◆ What you need to do ◆
Restate the listing below line for line and word for word, without the pictures.

◆ Collected data ◆
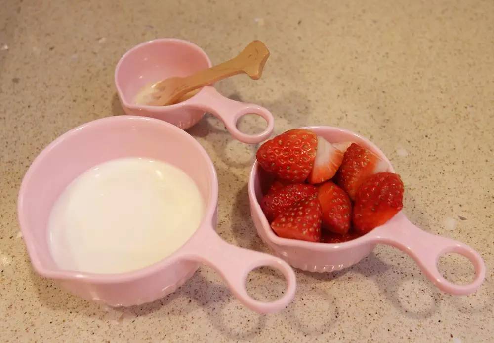 ④ 壶中加水放入炖盅,按燕窝炖键,程序结束后倒入牛奶,少许炼乳,几颗草莓丁即可。
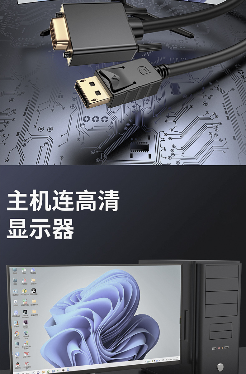 VGA 변환 라인 1080P 노트북 컴퓨터 HD 컨버터 디스플레이 포트 vga 변환 라인
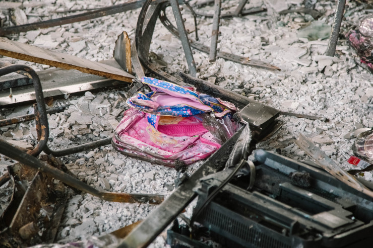 Среди черных обломков зданий то здесь, то там в глаза бросаются яркие детали - детские игрушки, разорванная одежда. От этого становится жутко.
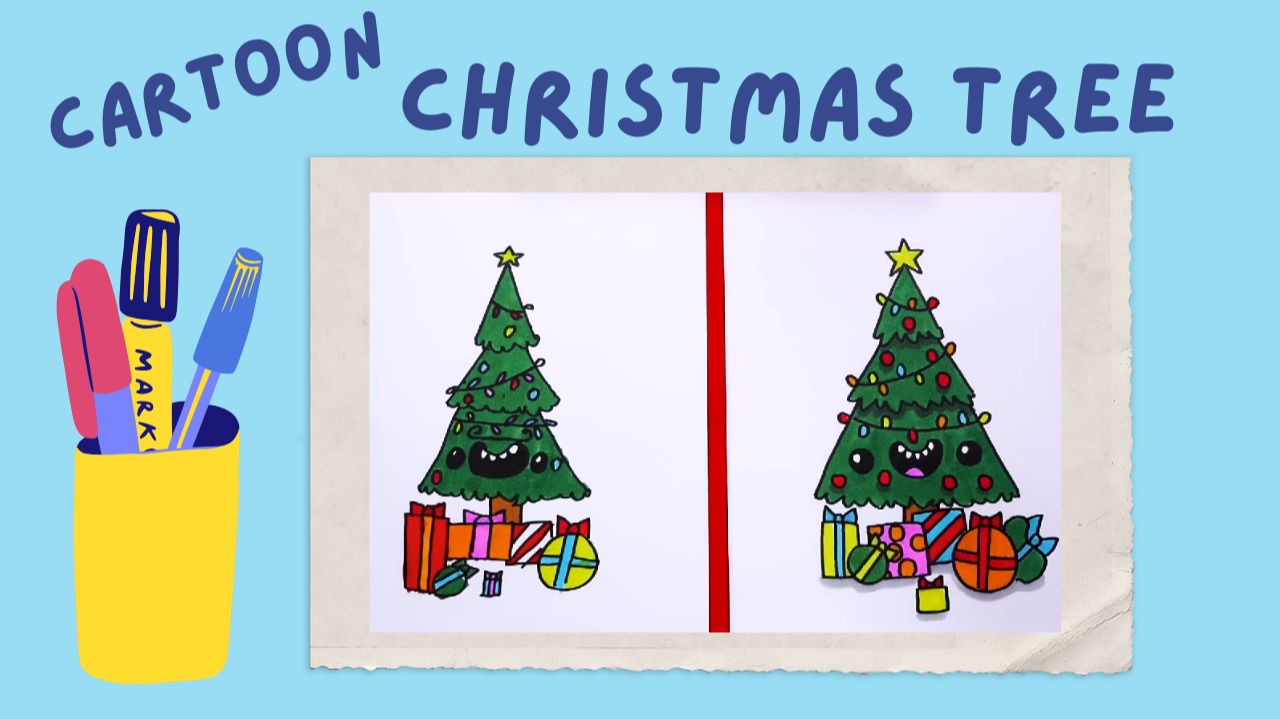 Let's draw a cartoon Christmas tree together! Get a paper, pencil or marker and colored pencils or markers and follow the instructions. #Christmas #drawing #english

◆ Result below ◆
 ④ 壶中加水放入炖盅,按燕窝炖键,程序结束后倒入牛奶,少许炼乳,几颗草莓丁即可。
 VGA 변환 라인 1080P 노트북 컴퓨터 HD 컨버터 디스플레이 포트 vga 변환 라인
 Среди черных обломков зданий то здесь, то там в глаза бросаются яркие детали - детские игрушки, разорванная одежда. От этого становится жутко.
 Let's draw a cartoon Christmas tree together! Get a paper, pencil or marker and colored pencils or markers and follow the instructions. #Christmas #drawing #english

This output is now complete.